Harnessing solar power for atmospheric water harvesting
by Simon Mansfield
Sydney, Australia (SPX) Dec 07, 2023
In a significant advancement for regions grappling with water scarcity, researchers from Shanghai Jiao Tong University in China have unveiled a novel solar-powered atmospheric water harvesting technology. This development, detailed in their recent publication in Applied Physics Reviews, an AIP Publishing journal, promises to bolster drinking water availability in some of the world’s driest areas.
Over 2.2 billion people currently reside in water-stressed countries, a concern underscored by the United Nations’ estimates that 3.5 million lives are lost annually to water-related diseases. The most affected regions, often characterized by abundant sunlight, present a unique opportunity for leveraging solar energy in mitigating water crises.
The research team, led by Ruzhu Wang, has made significant strides in this direction. “This atmospheric water harvesting technology can be used to increase the daily water supply needs, such as household drinking water, industrial water, and water for personal hygiene,” Wang explained.

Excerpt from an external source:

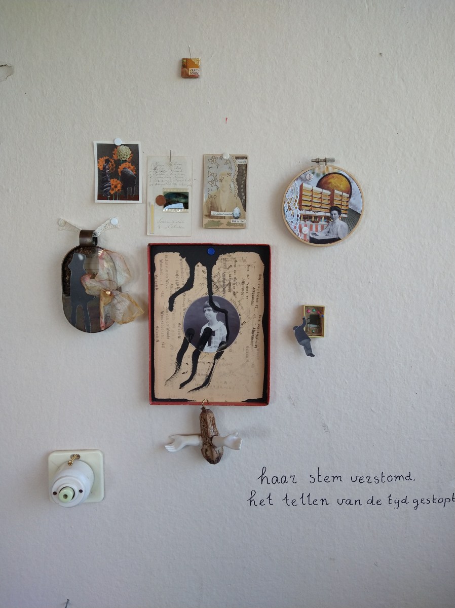 Ik maak gedetailleerde composities die opgebouwd zijn uit kleine tekeningen en schilderijen, foto’s, knipsels, voorwerpen, brieven, oude persoonlijke papieren, flarden tekst of gedroogde vondsten uit de natuur. Elke compositie wordt zo een op zichzelf staande, maar onaffe en rafelige wereld. Als kijker moet je je weg zien te vinden in deze opsomming van al dan niet fictieve herinneringen.

A key challenge in atmospheric water harvesting has been the salting-out effect, where high salt concentrations in hydrogels impede their water absorption capacity. Wang’s team successfully overcame this obstacle. “We were impressed that even when up to 5 grams of salt was injected into 1 gram of polymer, the resulting gel maintained good swelling and salt-trapping properties,” Wang stated.
The team’s innovation lies in the synthesis of a super hygroscopic gel using plant derivatives and hygroscopic salts. Remarkably, 1 kilogram of this dry gel can adsorb up to 1.18 kilograms of water in arid atmospheres and as much as 6.4 kilograms in humid conditions. Its simple and cost-effective preparation process makes it ideal for large-scale applications.
Further enhancing the system’s efficiency, the researchers employed a dual-chamber prototype, featuring desorption and condensation units operating in parallel, integrated with a turbofan in the condensation chamber to recover over 90% of desorbed water. The prototype demonstrated its ability to release adsorbed water even under weak sunlight, such as in the morning or afternoon, and achieved simultaneous adsorption and desorption during the day.
The Shanghai Jiao Tong University team is now focused on optimizing the system’s performance for practical applications. They aim to maximize daily water yield per unit mass of adsorbent using renewable energy, envisioning a broader impact. Beyond daily water production, these sorbent materials hold potential for diverse applications, including dehumidification, agriculture irrigation, and thermal management for electronic devices.
In the broader context, this breakthrough from Shanghai Jiao Tong University represents a significant step in harnessing solar power for sustainable water extraction, especially in arid regions. It aligns with global efforts to address water scarcity using renewable energy sources and could prove instrumental in transforming the lives of billions in water-stressed areas.